Innovations to Improve Your NT Server Platform

Since the Pentium Pro processor's introduction in late 1995, the Intel server platform hasn't changed much. Innovations such as the adoption of Ultra Wide SCSI have introduced evolutionary, rather than revolutionary, change. In 1997 (a sleepy time for business server development), the primary server platform remained Pentium Pro-based and ran Windows NT Server 4.0. Late 1998, however, will bring significant change to the business server universe as major advances in the Intel server platform and NT Server 5.0 chart a direct course for your network. In this article, I'll examine some important server hardware changes coming in late 1998 and the key features of NT Server 5.0. I'll look at how these hardware and operating system (OS) changes will affect the typical NT server platform and suggest some ways you can choose among them to customize your system.

Processor Technology
The fastest Intel processors are in the Pentium II family. The exceptions to this generalization are 4-way servers that use the Pentium Pro processor. Besides clock speed, the main difference between Pentium Pro and Pentium II processors is the speed and size of the secondary, or Level 2, cache. Pentium Pro offers up to 1MB of Level 2 cache that runs at the same speed as the processor; Pentium II is limited to 512KB of Level 2 cache that runs at half the processor's speed. On desktops, the higher clock speed of a Pentium II compensates for the slower cache. However, on multiprocessor servers where cache performance is mission critical, a Pentium II processor's higher clock speed does not compensate for the slower cache.
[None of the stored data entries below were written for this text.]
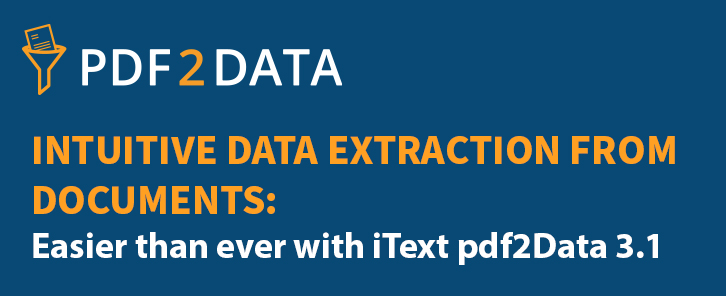 We are excited to announce the release of iText pdf2Data 3.1, the latest version of our template-based data extraction solution. iText pdf2Data intelligently recognizes data inside structured and semi-structured PDF documents and extracts them in a structured format.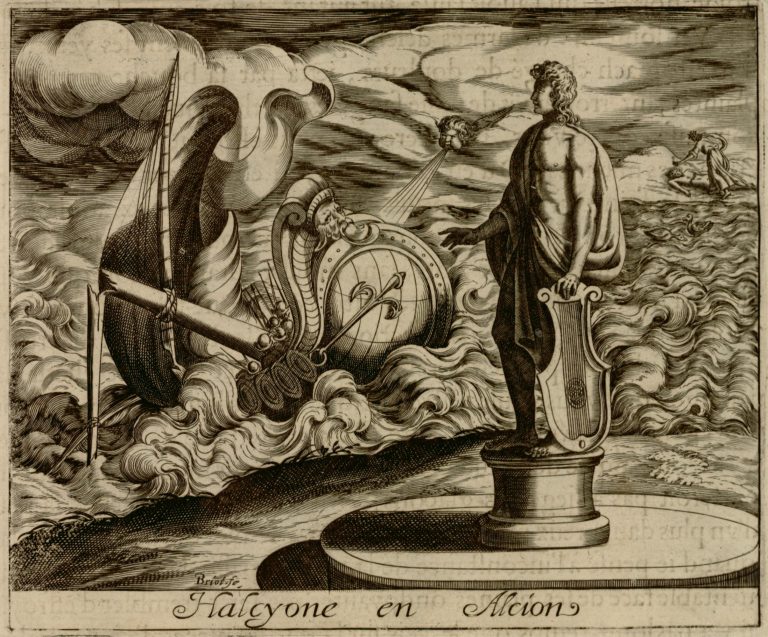 Na piedestalu v popředí stojí socha Apollóna s lyrou (věštírna v Klaru), za ní rozbouřené moře a polámaná loď. Na obloze duje personifikovaný vítr, na moři párek ledňáčků (proměnění Kéýx a Alkyóné). V pozadí na břehu se sklání Alkyóné nad mrtvým tělem Kéýka.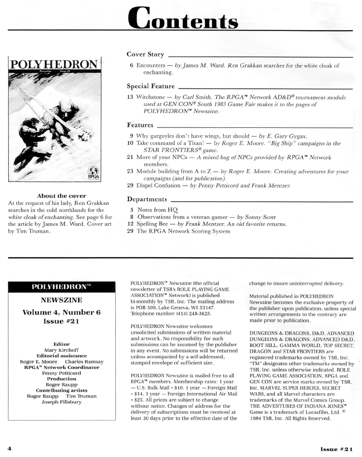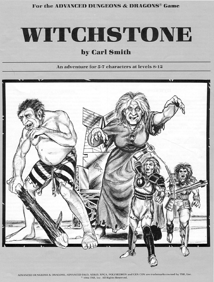 Other than that we get some Gygax column reprints, some articles by Roger Moore on creating adventures for campaigns and for publication, but the central piece of the magazine is the competition module Witchstone by Carl Smith, first used in the 1983 GEN CON South Games Fair, the kind of things which is the bread and butter of Polyhedron and the RPGA as the competitive D&D association.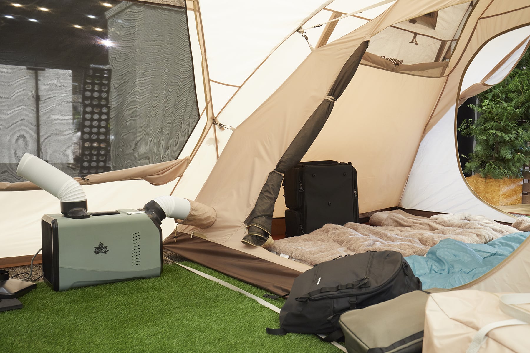 「いままでになかったまったく新しいアウトドアアイテムです。キャンプで使えるポータブルタイプのエアコンなんですけど、16℃から30℃まで幅広く温度設定が可能。16℃って家庭用エアコンよりもちょっと低めの設定ですよね。だから、かなり涼しいです。僕自身がめっちゃ暑がりなので、このアイテムさえあれば夏場でも快適にキャンプができるぞと。個人的に一番ほしいアイテムです」
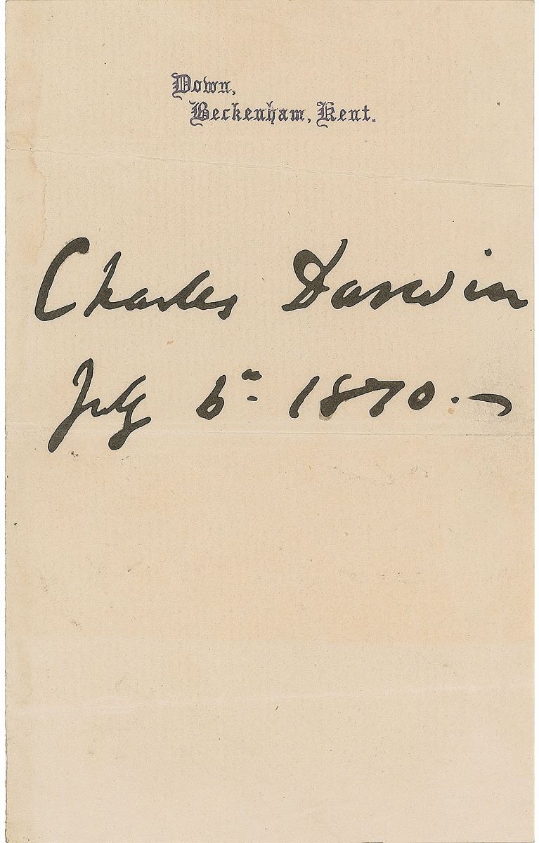 Extremely bold ink signature, “Charles Darwin, July 6th 1870,” on an off-white 3.25 x 5.5 sheet of Down, Beckenham, Kent letterhead. In very good to fine condition, with faint staining to trimmed edges and several moderate horizontal folds. Although Darwin had published On the Origin of Species in 1859, it was not until 1871’s The Descent of Man—released one year after this signature—that he first used the word ‘evolution.’

The new Xeon processors start at 400MHz and will offer even faster speeds by the end of the year.
The next generation of Pentium II technology, the Pentium II Xeon, targets the problem of limited cache speed by offering full-speed caches of up to 2MB per processor. The new Xeon processors start at 400MHz and will offer even faster speeds by the end of the year. As processor speed increases, other system components must become faster as well. Therefore, the new generation of Pentium II processors increases memory bus bandwidth from 528 MB per second (MBps) to 800MBps by increasing the bus frequency from 66MHz to 100MHz. These increases are essential to enable 4-way systems to scale well.
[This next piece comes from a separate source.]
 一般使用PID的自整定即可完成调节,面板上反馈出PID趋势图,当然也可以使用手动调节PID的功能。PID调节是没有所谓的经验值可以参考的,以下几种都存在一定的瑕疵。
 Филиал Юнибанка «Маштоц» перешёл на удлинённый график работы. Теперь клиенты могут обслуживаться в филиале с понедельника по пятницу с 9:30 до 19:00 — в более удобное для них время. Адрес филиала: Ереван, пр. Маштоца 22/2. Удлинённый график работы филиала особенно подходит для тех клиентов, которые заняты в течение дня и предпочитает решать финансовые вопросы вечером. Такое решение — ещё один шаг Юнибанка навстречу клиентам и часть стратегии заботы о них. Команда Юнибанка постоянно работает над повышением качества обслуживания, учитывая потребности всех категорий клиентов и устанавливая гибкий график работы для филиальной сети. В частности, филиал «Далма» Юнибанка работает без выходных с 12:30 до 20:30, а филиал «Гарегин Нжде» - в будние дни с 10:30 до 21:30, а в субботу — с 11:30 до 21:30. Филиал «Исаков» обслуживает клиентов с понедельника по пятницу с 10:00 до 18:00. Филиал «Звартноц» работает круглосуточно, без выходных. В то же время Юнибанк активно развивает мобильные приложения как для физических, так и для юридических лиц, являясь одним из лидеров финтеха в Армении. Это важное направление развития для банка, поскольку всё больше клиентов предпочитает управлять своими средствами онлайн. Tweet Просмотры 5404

When Intel introduced the Pentium Pro processor and its supporting chipsets, this technology allowed standardization of the basic design of 4-way Intel servers. The next generation of Pentium II processors will likely serve a similar crucial role in standardizing the design of 8-way servers. Intel recently moved toward controlling the 8-way market by buying both Corollary's 8-way ProFusion design and NCR's OctaScale design. Axil, the only other developer of 8-way Xeon technology, recently closed its doors. A consequence might be premium prices for 8-way servers.

Eight-way systems are not the end of the line, though. Unisys recently announced its intent to market a 32-way symmetric multiprocessing (SMP) server that uses Pentium II Xeon technology on crossbar system architecture and measures memory bandwidth in GBs. (This monster won't be available in the near future, however.) To learn more about the new generation of Pentium II processors, go to Intel's Web site (http://www.developer .intel.com/design/PentiumII).
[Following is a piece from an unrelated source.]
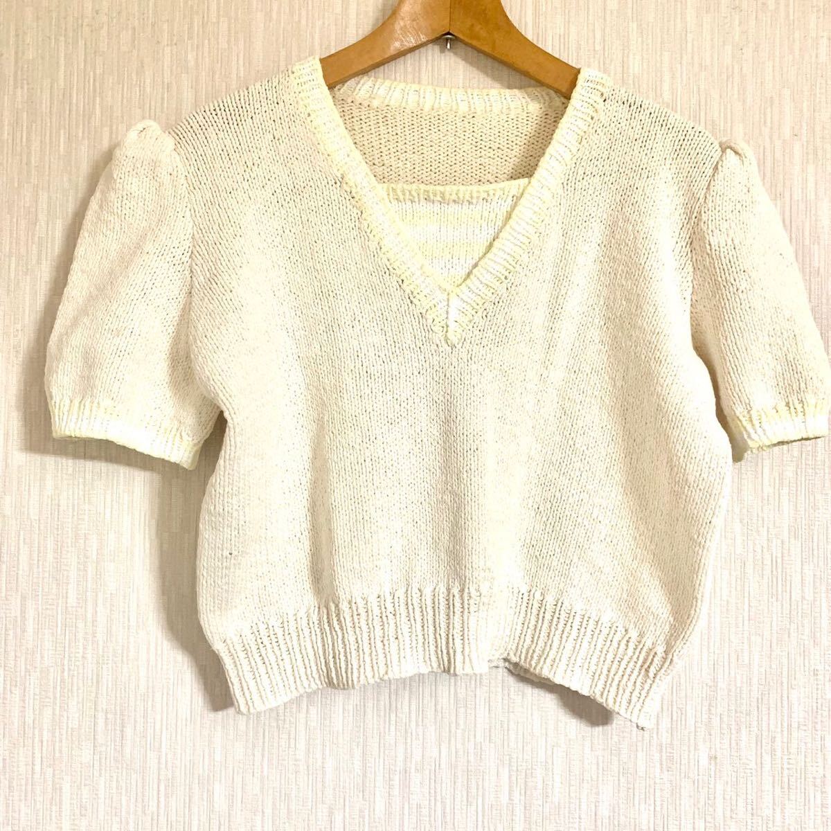 - 匿名配送 コットン半袖ニットトップス 綿サマーセーター クリーム色 黄色 レモンイエロー 半袖セーター

Storage and I/O Subsystems
Server storage has been largely SCSI-based for almost a decade, and performance has increased incrementally over that time. SCSI has leapt from 5MBps to a whopping 40MBps of bandwidth. Ten years ago, Intel servers used a 386 processor, usually supported no more than 64MB of memory, and came with a 100MB hard disk. By the end of 1998, a server will have four next-generation Pentium II processors, as much as 8GB of memory, and hundreds of GBs of disk storage. Clearly, storage I/O subsystem design must change if the next generation of servers is not to be bound by I/O. Two technologies will emerge in 1998 to relieve the looming I/O bottleneck: Ultra2 SCSI and fibre channel storage subsystems.